### Dataset section
== Segment start ==
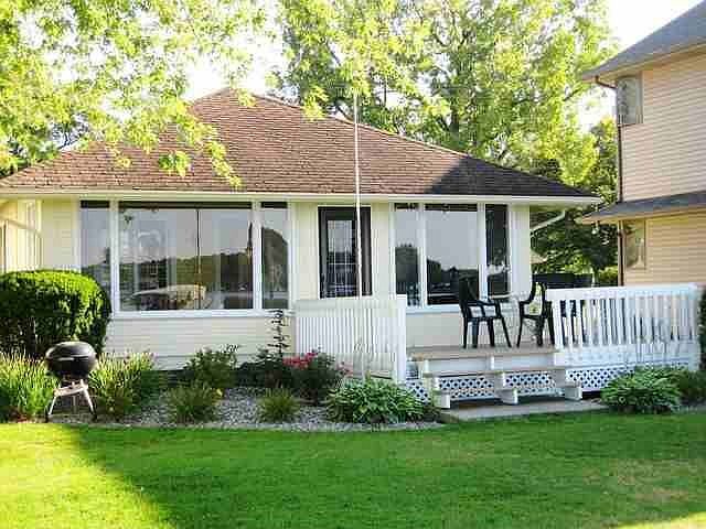 Fabulous Sand Beach with a Great View! This adorable cottage is located on the south shores of Clear Lake. It has many updates and is very nicely decorated! There are ceiling fans in all the bedrooms, living room and porch. Hardwood floors add to the cottage charm. There is a lakeside deck for relaxing and taking in all the lake activity. The lakefront has a new concrete seawall, a gradual sand bottom plus a sandbar. New shingles 2012. All furnishings are negotiable. The cottage is used as a summer rental and has a great rental history. Not included but also available (for an additional $100,000.) is a 50x208 back lot with a 36x28, 4 car det. garage and an opportunity for a recreation room on the second level. The large yard behind the detached garage is great for outdoor activities. The seller has provided an Artists Rendition of a remodel for this existing structure. See Associated Documents for floor plans.
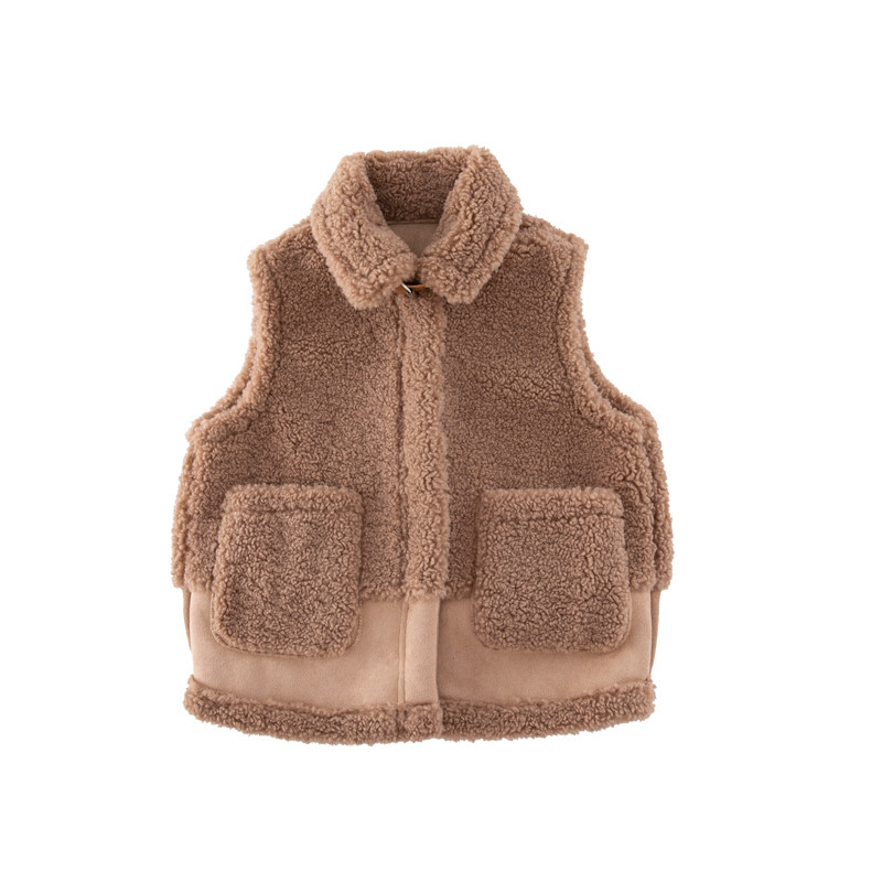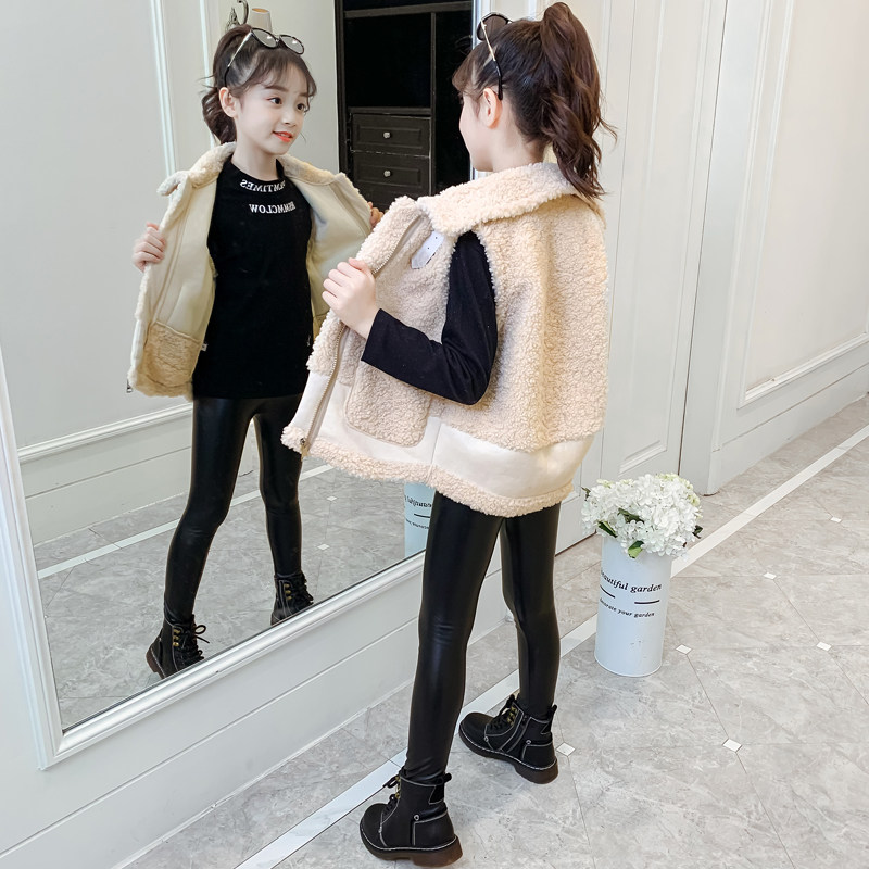 Girl's waistcoat spring and autumn foreign wearing Korean version of large children's autumn and sheep lamb Mao's new vest 2022 Children's waistcoat wave
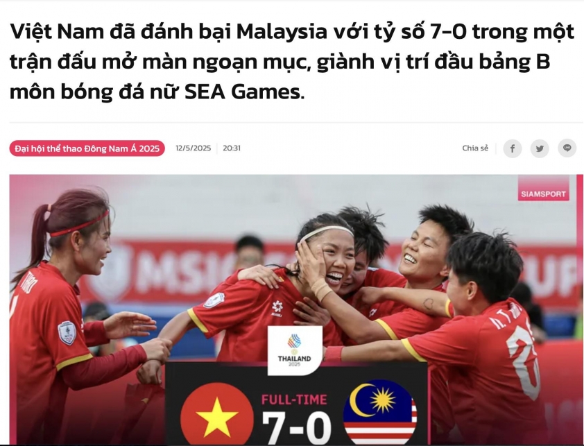 Trong khi đó, tờ SiamSport của Thái Lan lại miêu tả: "Việt Nam đã đánh bại Malaysia với tỷ số 7-0 trong một trận đấu ra quân cực kỳ ngoạn mục, giành vị trí đầu bảng B môn bóng đá nữ SEA Games. Đương kim vô địch của giải đấu đã thị uy sức mạnh bằng những bàn thắng liên tiếp".
== Segment end ==
### Exercise objective
In the data, the line that contains "Girl's waistcoat spring" begins the part to write out; restate it and each line after it word for word through the end, with no pictures.

### Reply to the task
 Girl's waistcoat spring and autumn foreign wearing Korean version of large children's autumn and sheep lamb Mao's new vest 2022 Children's waistcoat wave
 Trong khi đó, tờ SiamSport của Thái Lan lại miêu tả: "Việt Nam đã đánh bại Malaysia với tỷ số 7-0 trong một trận đấu ra quân cực kỳ ngoạn mục, giành vị trí đầu bảng B môn bóng đá nữ SEA Games. Đương kim vô địch của giải đấu đã thị uy sức mạnh bằng những bàn thắng liên tiếp".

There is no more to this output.